Abstraction is Deliverance features Lewis on tenor, Aruán Ortiz on piano, Brad Jones on bass, and Taylor behind the kit. Launching from the Classic Coltrane Quartet zone in the opening compositional tribute to David S. Ware, Lewis gives us some of his warmest playing on a set of originals save for a version of “Left Alone” by Mal Waldron.

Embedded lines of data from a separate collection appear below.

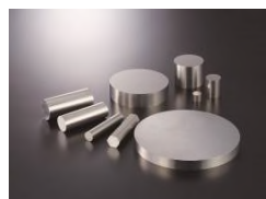
3)高圧水素用ステンレス鋼
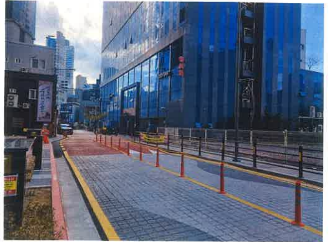
접면도로 및 주위환경
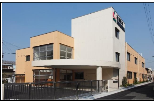
最寄駅 阪堺線 東湊駅
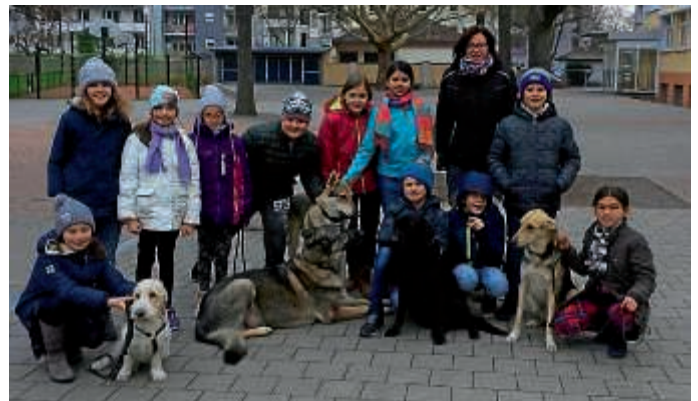
Hunde AG an der Stirumschule
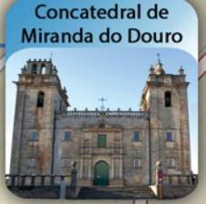
Concatedral de Miranda do Douro

1. Mary Halvorson, About Ghosts (Nonesuch) + Sylvie Courvoisier and Mary Halvorson, Bone Bells (Pyroclastic) Produced by John Dieterich of Deerhoof, About Ghosts features guitarist-composer Halvorson’s Amaryllis sextet with Patricia Brennan on vibes, Jacob Garchik on trombone, Adam O’Farrill on trumpet, Nick Dunston on bass, and Halverson’s Thumbscrew bandmate Thomas Fujiwara on drums, with saxophonists Immanuel Wilkins (alto) and Brian Settles (tenor) augmenting the group on four tracks. Halvorson’s guitar is certainly present, but About Ghosts is really about her growing brilliance as a composer. She orchestrates a sublime collective statement.

Bone Bells brings Halvorson’s distinctive approach to the guitar right up close in a series of striking duo excursions with the pianist Courvoisier. It’s their third release as a duo after 2017’s Crop Circles. In 2021, Searching for the Disappeared Hour followed. Halvorson brings the odd-number compositions, while Courvoisier is responsible for the evens, as her playing ranges from contemplative to fleet to thunderous. Throughout the eight pieces, Courvoisier and Halvorson complement each other perfectly as an already rich collaboration rises to new heights.